BIND 10 #1789: update xfrin to maintain in-memory/sqlite3 zones

Wed Apr 11 14:34:36 UTC 2012

#1789: update xfrin to maintain in-memory/sqlite3 zones
-------------------------------------+-------------------------------------
                   Reporter:         |                 Owner:  jinmei
  jinmei                             |                Status:  reviewing
                       Type:  task   |             Milestone:
                   Priority:         |  Sprint-20120417
  medium                             |            Resolution:
                  Component:  xfrin  |             Sensitive:  0
                   Keywords:         |           Sub-Project:  DNS
            Defect Severity:  N/A    |  Estimated Difficulty:  3
Feature Depending on Ticket:  xfr    |           Total Hours:  0
  for in-memory                      |
        Add Hours to Ticket:  0      |
                  Internal?:  0      |
-------------------------------------+-------------------------------------
Changes (by jelte):

 * owner:  jelte => jinmei

Comment:

 Replying to [comment:7 jinmei]:
 > '''some general points'''
 >
 > - This is rather a question about the general configuration framework,
 >   but I wonder what's the assumption on the validity of given data on
 >   the remote config.  In this specific case, can we assume the zone
 >   origin and class names are valid?  Or can we assume the data don't
 >   contain any duplicates?  In our current implementation we should be
 >   able to assume these, because b10-auth should have validated these
 >   and cfgmgr should only store post-validated data (and subsequently
 >   give it to xfrin).  But the validity isn't guaranteed from the
 >   interface (after all they are opaque strings), and the validation
 >   point (auth) is far from the user (xfrin), so the assumption seems
 >   to be a bit naive.  On the other hand, doing the same validation in
 >   the xfrin seems to be redundant in practice.  I think we need to
 >   clarify these points and document it somewhere, so we can use
 >   unified assumption throughout the system.  For the purpose of this
 >   task, I don't think we need to heavily modify the code, but add a
 >   short note about the assumption.
 >

 Yes, the whole point of the specification file to validate data was that
 once the data gets to the 'handler' routines, they won't have to worry
 about the data being bad (at least in its form and structure)
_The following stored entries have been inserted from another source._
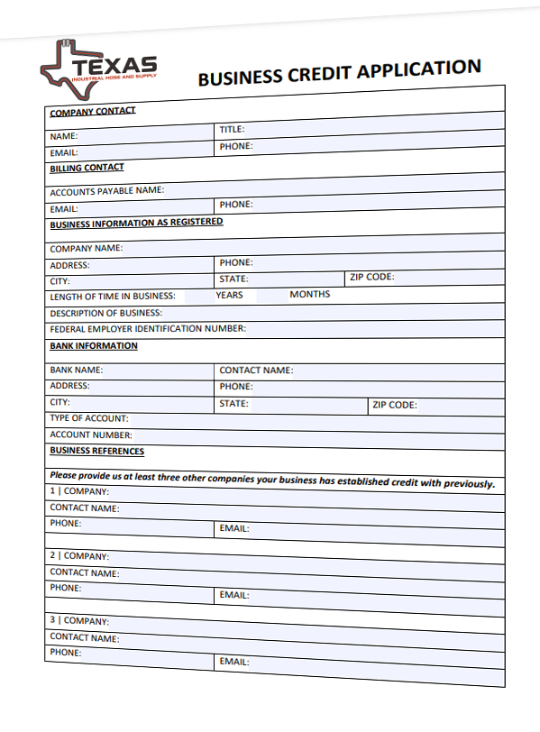 We are happy to learn you would like to be set up as a new customer! Please print out the credit application below and either fax it to us, email it, or quickly and can begin service right away!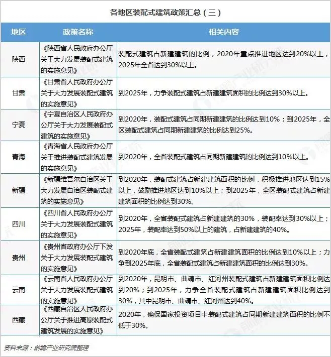 目前我國(guó)31個(gè)省市、自治區(qū)都已經(jīng)制定了裝配式建筑發(fā)展規(guī)劃,其中北京、天津、浙江等地提出,到2020年實(shí)現(xiàn)裝配式建筑占新建建筑面積的比例達(dá)到30%以上,高于全國(guó)目標(biāo);而海南省提出在2020年裝配式建筑占比達(dá)到50%。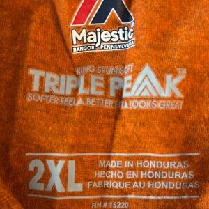 Short sleeve tee with Philadelphia Flyers logo. Bold orange color. Comfortable fit.

 One thing that I am considering for the api changes in config use is more
 validation (probably automatic; implicit in the initialization of the
 classes), so that it will indeed be validated each and every time the data
 is initialized in every module. Most of that may be redundant but it
 should never be on a critical performance path anyway. Especially since I
 also want to start using 'changes' somehow; instead of passing full lists,
 pass the elements that are added or removed (memory zones are a good
 example of why we need that; if you have 10000 zones you do not want to
 reload the entire list if you add or remove one ;))

 > - Slightly related the previous point, auth_config_handler() doesn't
 >   provide the strong exception guarantee, and if given config contains
 >   invalid data and triggers an exception, the system will keep running
 >   with some inconsistent state.  Based on the practical assumption,
 >   this type of exception shouldn't happen, however, (and other
 >   exceptions are probably critical enough, in which case the process
 >   should probably die) so it may not matter much in practice.
 >

 Originally, given the above (big) assumption that data is in valid form
 there shouldn't be much that could go wrong here; but your next point will
 change that, so I'm doing a validation run first, and if it passes, then
 the updates are called. If not, the whole update is ignored (and errors
 are trusted to have been reported by the other component)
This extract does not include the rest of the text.